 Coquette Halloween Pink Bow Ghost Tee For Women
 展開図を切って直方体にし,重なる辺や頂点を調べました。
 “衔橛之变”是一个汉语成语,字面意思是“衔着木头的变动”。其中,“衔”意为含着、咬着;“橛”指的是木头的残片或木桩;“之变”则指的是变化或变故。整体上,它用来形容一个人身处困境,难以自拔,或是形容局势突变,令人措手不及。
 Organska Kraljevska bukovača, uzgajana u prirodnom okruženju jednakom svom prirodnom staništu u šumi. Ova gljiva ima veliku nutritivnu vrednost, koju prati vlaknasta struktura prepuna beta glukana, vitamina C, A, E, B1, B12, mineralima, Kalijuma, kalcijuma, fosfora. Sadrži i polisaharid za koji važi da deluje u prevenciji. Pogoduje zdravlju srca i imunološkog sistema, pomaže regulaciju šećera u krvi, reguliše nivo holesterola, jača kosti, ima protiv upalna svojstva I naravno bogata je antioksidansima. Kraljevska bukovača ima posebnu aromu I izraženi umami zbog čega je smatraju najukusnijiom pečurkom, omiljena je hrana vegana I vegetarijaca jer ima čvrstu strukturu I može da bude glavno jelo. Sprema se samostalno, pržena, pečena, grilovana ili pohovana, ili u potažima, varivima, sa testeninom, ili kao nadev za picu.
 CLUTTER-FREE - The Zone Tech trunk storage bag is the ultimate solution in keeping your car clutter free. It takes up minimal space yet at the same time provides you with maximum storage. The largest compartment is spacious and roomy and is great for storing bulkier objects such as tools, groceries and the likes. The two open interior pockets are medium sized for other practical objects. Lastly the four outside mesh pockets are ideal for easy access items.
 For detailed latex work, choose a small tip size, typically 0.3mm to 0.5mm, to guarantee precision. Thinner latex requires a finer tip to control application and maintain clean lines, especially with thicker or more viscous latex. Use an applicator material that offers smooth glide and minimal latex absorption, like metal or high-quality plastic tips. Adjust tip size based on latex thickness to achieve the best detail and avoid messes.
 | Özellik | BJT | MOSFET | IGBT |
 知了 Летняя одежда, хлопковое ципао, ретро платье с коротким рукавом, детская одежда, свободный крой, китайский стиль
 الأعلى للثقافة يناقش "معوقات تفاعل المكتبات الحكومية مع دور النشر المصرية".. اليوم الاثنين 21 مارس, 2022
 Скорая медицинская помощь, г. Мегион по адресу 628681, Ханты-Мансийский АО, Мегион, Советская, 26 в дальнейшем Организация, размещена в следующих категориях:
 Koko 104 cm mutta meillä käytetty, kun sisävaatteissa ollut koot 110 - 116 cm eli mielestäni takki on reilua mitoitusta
- - - - - - -
▸ **PROBLEM**:
From the line containing "知了 Летняя одежда, хлопковое" down to the last line of the data, transcribe every line exactly; nothing else should appear.

▸ **OUTPUT FOR THIS TASK**:
 知了 Летняя одежда, хлопковое ципао, ретро платье с коротким рукавом, детская одежда, свободный крой, китайский стиль
 الأعلى للثقافة يناقش "معوقات تفاعل المكتبات الحكومية مع دور النشر المصرية".. اليوم الاثنين 21 مارس, 2022
 Скорая медицинская помощь, г. Мегион по адресу 628681, Ханты-Мансийский АО, Мегион, Советская, 26 в дальнейшем Организация, размещена в следующих категориях:
 Koko 104 cm mutta meillä käytetty, kun sisävaatteissa ollut koot 110 - 116 cm eli mielestäni takki on reilua mitoitusta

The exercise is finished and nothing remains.